RECORD SET
-------------------------
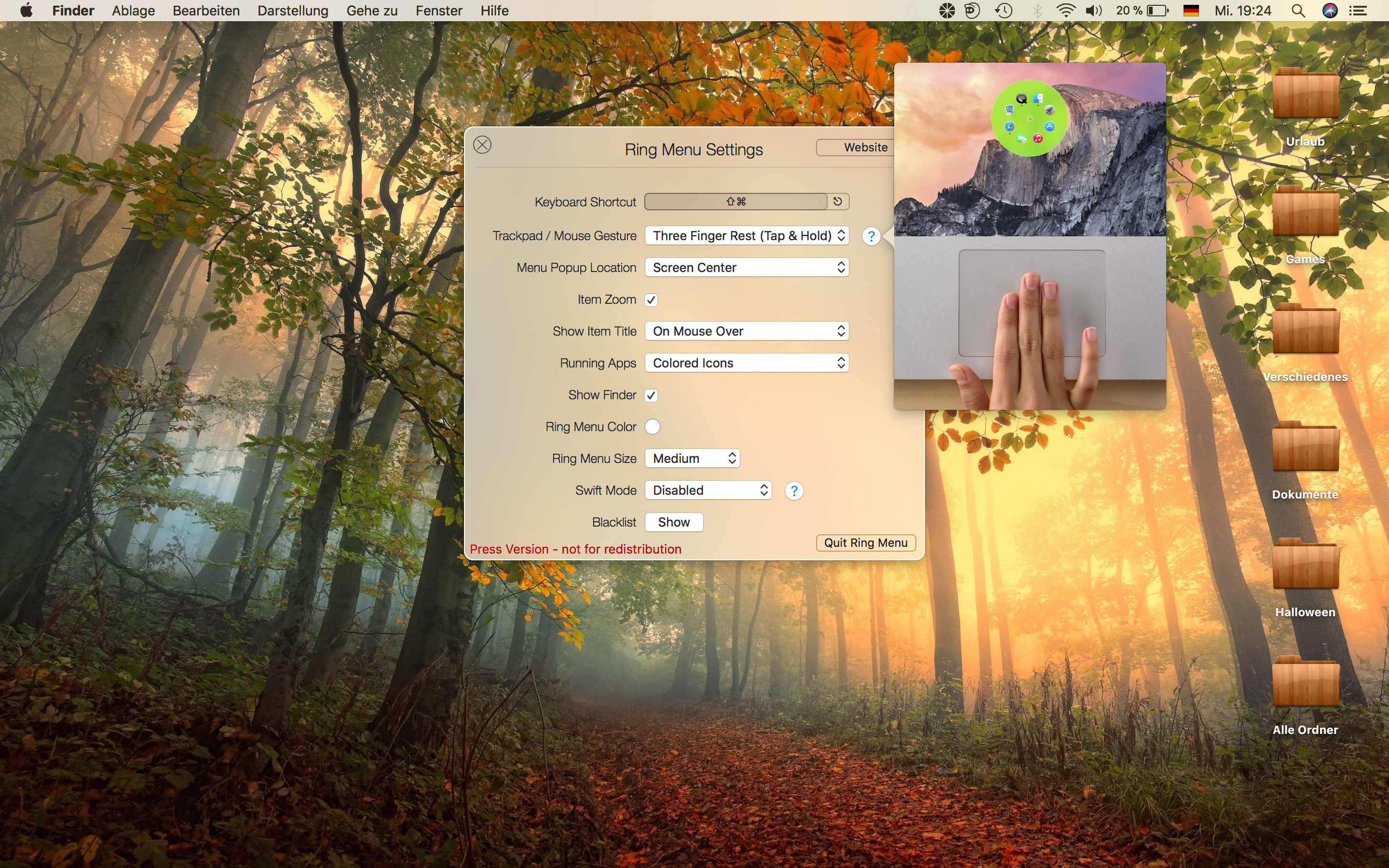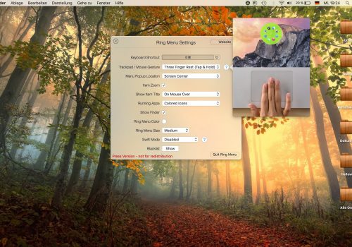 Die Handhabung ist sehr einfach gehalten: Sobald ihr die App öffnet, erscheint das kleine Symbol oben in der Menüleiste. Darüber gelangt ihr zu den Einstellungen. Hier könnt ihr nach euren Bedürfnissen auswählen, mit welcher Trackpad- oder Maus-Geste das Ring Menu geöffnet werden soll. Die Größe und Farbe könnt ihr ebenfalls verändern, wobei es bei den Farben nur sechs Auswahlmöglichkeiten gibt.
-------------------------
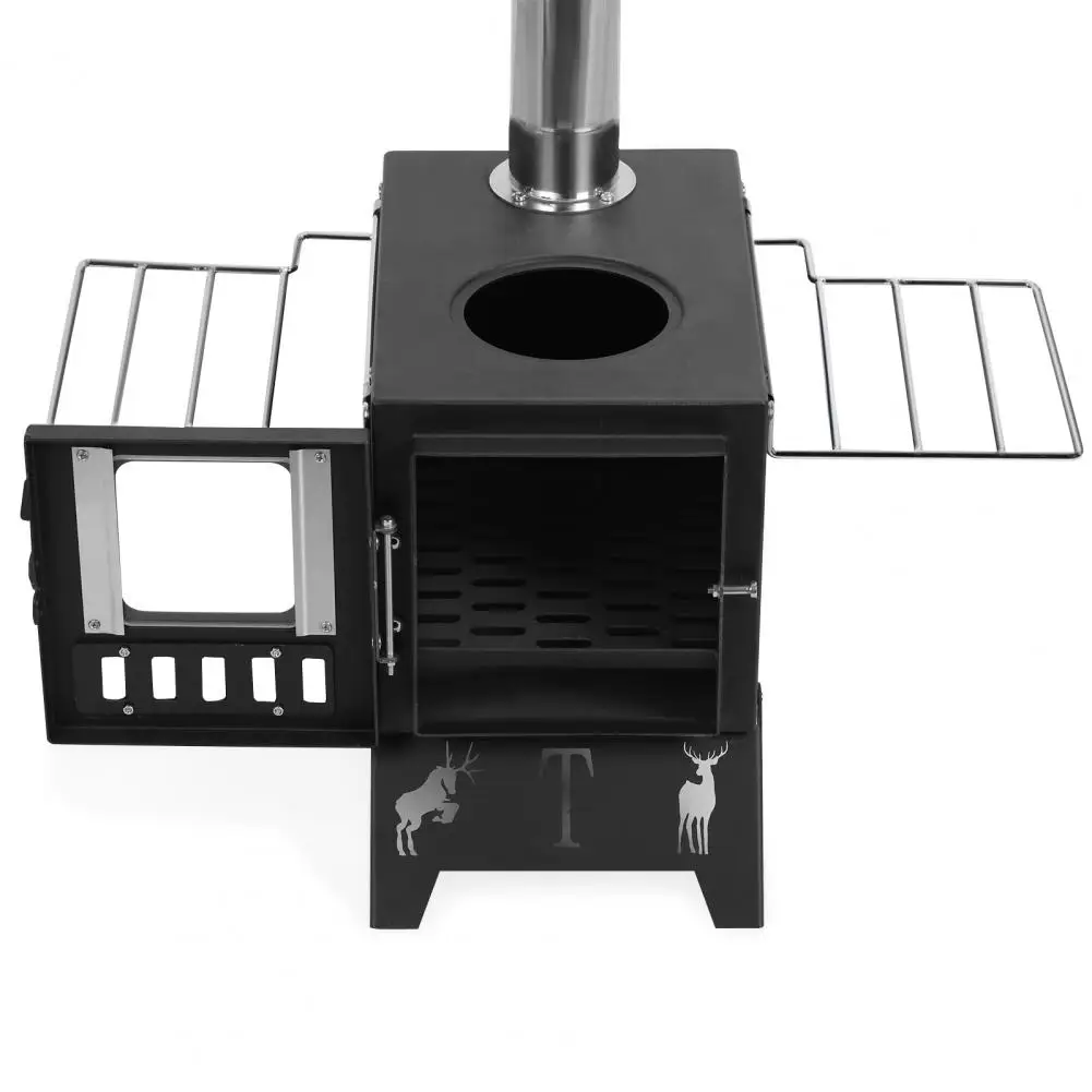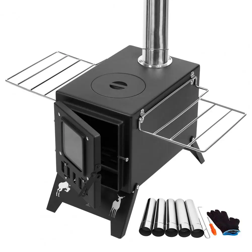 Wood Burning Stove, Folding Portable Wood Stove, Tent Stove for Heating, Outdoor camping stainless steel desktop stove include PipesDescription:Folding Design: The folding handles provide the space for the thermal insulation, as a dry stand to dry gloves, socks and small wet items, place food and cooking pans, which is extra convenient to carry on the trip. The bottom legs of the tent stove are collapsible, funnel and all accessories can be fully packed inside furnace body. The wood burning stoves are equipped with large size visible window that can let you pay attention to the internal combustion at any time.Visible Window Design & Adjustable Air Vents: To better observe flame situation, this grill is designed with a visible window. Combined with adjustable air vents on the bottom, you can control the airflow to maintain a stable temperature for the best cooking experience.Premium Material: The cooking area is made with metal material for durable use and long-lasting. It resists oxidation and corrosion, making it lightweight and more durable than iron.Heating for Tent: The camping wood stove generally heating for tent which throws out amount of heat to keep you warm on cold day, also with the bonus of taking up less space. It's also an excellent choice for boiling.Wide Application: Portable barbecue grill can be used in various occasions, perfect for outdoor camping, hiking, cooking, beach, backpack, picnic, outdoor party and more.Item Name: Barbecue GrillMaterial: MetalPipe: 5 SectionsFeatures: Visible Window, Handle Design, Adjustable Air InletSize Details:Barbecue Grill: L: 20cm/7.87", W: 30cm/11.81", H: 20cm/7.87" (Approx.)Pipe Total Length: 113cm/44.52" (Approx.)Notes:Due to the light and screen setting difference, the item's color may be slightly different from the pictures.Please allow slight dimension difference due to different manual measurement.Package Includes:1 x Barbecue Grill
-------------------------
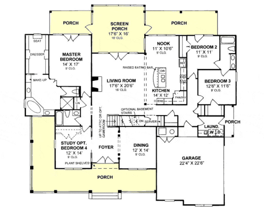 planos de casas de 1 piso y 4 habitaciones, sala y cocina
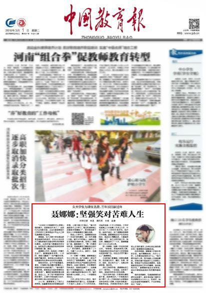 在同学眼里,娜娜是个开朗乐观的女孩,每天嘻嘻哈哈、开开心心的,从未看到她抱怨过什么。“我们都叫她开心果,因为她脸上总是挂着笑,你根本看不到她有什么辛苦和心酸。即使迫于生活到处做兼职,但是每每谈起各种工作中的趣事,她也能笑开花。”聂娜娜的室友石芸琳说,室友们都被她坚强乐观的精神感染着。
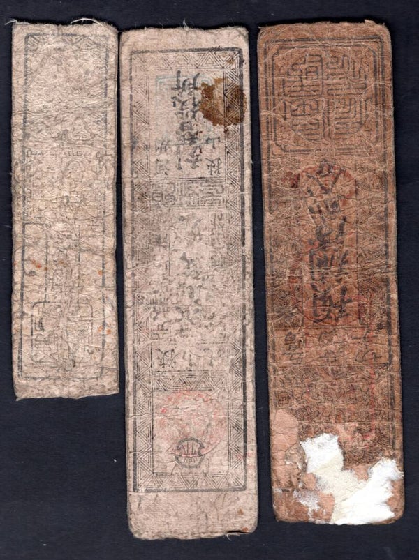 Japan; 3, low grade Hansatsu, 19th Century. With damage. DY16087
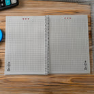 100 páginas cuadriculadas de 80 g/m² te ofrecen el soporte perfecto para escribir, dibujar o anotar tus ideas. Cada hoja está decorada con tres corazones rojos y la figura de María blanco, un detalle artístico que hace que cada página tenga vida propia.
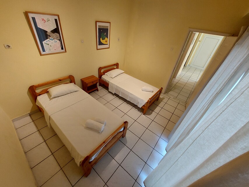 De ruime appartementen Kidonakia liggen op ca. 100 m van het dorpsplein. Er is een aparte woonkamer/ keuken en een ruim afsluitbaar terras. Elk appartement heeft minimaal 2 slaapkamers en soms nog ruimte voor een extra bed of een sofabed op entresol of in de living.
-------------------------
Out of the records above, set down only the lines from the one that contains "100 páginas cuadriculadas" through the one that contains "De ruime appartementen", unchanged and without the pictures.

THE ANSWER
 100 páginas cuadriculadas de 80 g/m² te ofrecen el soporte perfecto para escribir, dibujar o anotar tus ideas. Cada hoja está decorada con tres corazones rojos y la figura de María blanco, un detalle artístico que hace que cada página tenga vida propia.
 De ruime appartementen Kidonakia liggen op ca. 100 m van het dorpsplein. Er is een aparte woonkamer/ keuken en een ruim afsluitbaar terras. Elk appartement heeft minimaal 2 slaapkamers en soms nog ruimte voor een extra bed of een sofabed op entresol of in de living.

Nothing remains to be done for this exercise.